Te va a encantar a dónde vamos.

Bastante pronto, llegaron a su destino.

Noah entró en un estacionamiento bien iluminado, y mientras el coche disminuía la velocidad hasta detenerse, los ojos de Sarah se abrieron de sorpresa.

—¡Bienvenida a la pista de carreras!

—anunció Noah, saliendo del coche y abriéndole la puerta.

Sarah salió, mirando alrededor con asombro.

—¿Cómo sabías que me gusta ver carreras?

¿Te lo dijo Layla antes?

—preguntó, con la voz llena de emoción.

Noah negó con la cabeza sonriendo.

—No, solo fue una suposición afortunada.

Mientras procesaba su respuesta, un pensamiento repentinamente golpeó a Sarah, y su emoción disminuyó un poco.

—¡Oh no, olvidé decirle a Layla que iba a salir!

—exclamó, llevando instintivamente la mano a su teléfono.

Antes de que pudiera hacer la llamada, Noah suavemente tomó su mano.

—Está bien —dijo para tranquilizarla—.

Solo envíale un mensaje diciéndole que saliste un rato y que volverás pronto.

No hay necesidad de preocuparse.

Sarah lo miró por un momento, su preocupación inicial disipándose al ver la calma confianza en sus ojos.

Con un asentimiento, rápidamente escribió un mensaje a Layla, haciéndole saber que volvería pronto.

Una vez enviado el mensaje, Noah tomó su mano otra vez, esta vez guiándola hacia el área de espectadores.

La pista de carreras estaba sorprendentemente llena, con una alineación de coches elegantes y potentes listos para competir.

Entre ellos había modelos como el Porsche 911, Ford Mustang y Corvette.

El Lamborghini de Noah naturalmente captó la atención de todos alrededor.

Los espectadores y corredores comenzaron a susurrar, especulando si este recién llegado estaba a punto de unirse a la competición.

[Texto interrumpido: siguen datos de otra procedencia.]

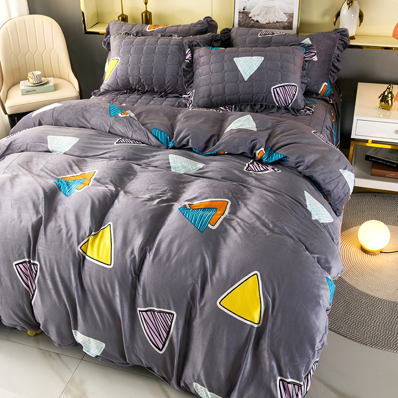 纽缦 2020新款绒夹棉床裙四件套 几何图案灰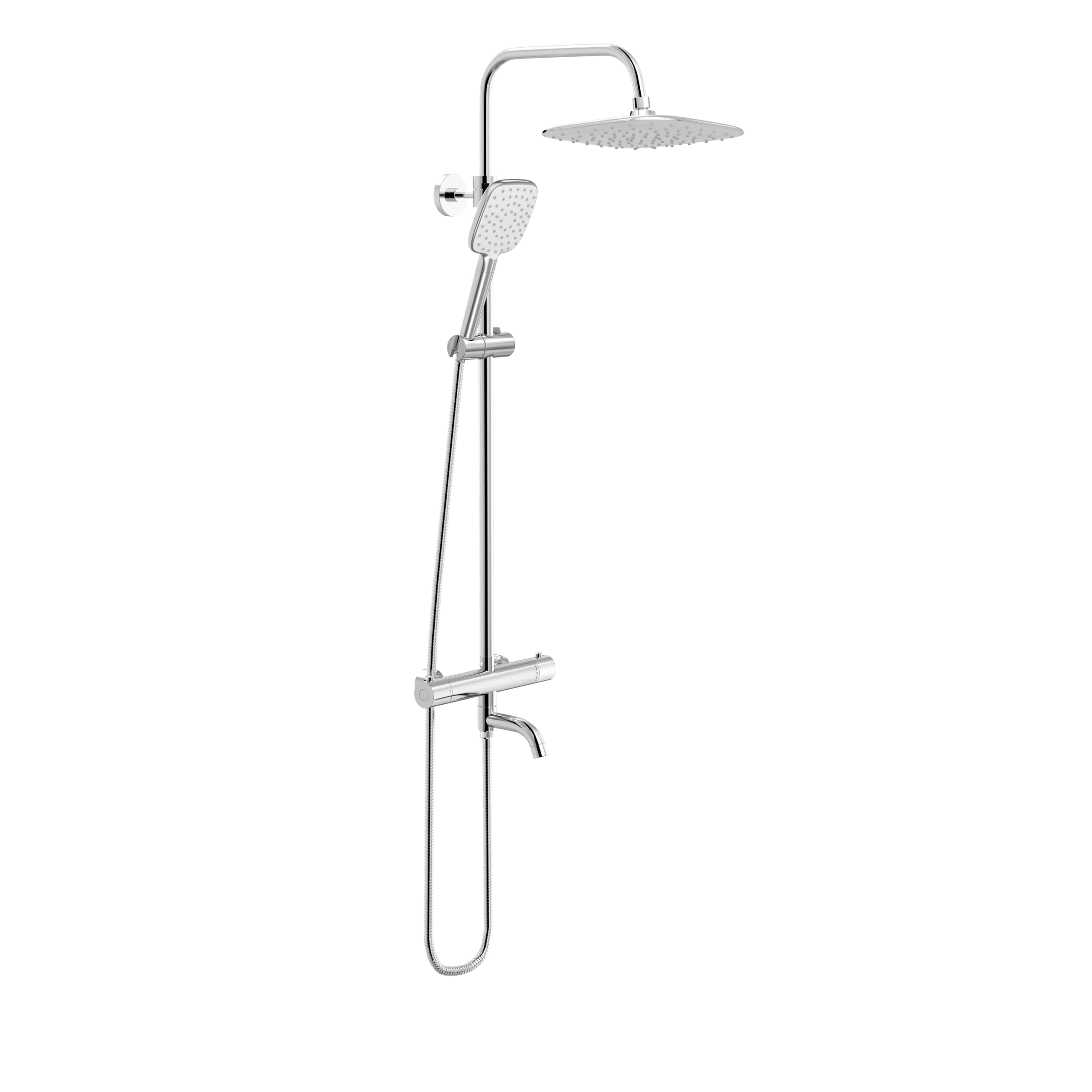 • 150 cm Pirinç uç, Paslanmaz çelik çift kilitli krom duş hortumu• Ø 22 / Ø 19 mm 304 paslanmaz çelik ayarlanabilir krom duş borusu• 115×120 mm El duşu – 1 Fonksiyonlu• 240×240 mm Duş başlığı/ Tepe duşu• Akıllı yön değiştirici musluğa sahip termostatik pirinç musluk•Termostatik gagalı batarya8 Adet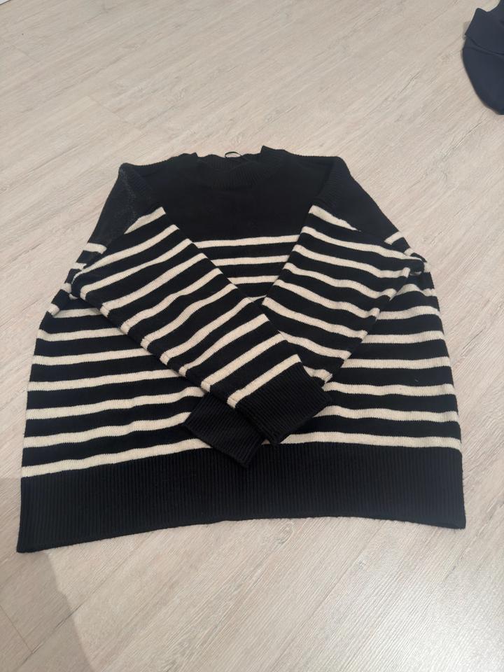 свитер в черный в белую полоску, указан размер S, но подходит до L, свободного кроя, в хорошем состоянии Артикул: 552330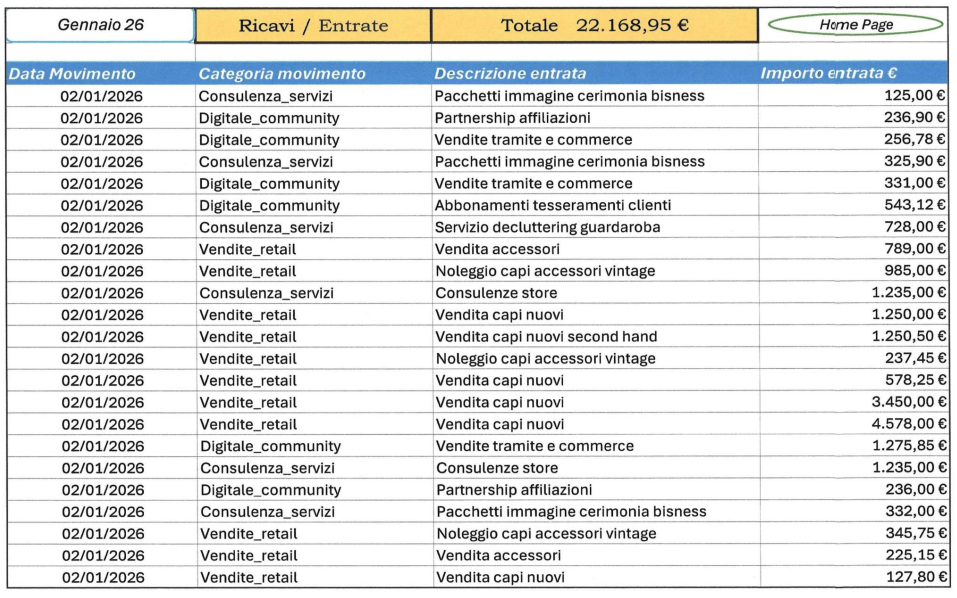 Ti permette di monitorare entrate, uscite e margini senza formule complesse, migliorando la gestione del negozio, la pianificazione delle spese e la capacità di capire cosa sta funzionando davvero.

Uno de los corredores, un joven que parecía en todo aspecto un rico heredero de segunda generación, se acercó a Noah.

Sus ojos brillaban con admiración mientras contemplaba el Lamborghini.

—Buen coche, tío —dijo el chico, extendiendo una mano—.

Soy Jackson, por cierto.

El Porsche 911 de allá es mío.

Noah estrechó su mano, intercambiando presentaciones.

Jackson parecía estar en sus primeros veinte años, con el comportamiento confiado y relajado de alguien que había estado rodeado de coches rápidos toda su vida.

—Siempre he querido un Lambo como el tuyo —continuó Jackson, su tono una mezcla de admiración y frustración—.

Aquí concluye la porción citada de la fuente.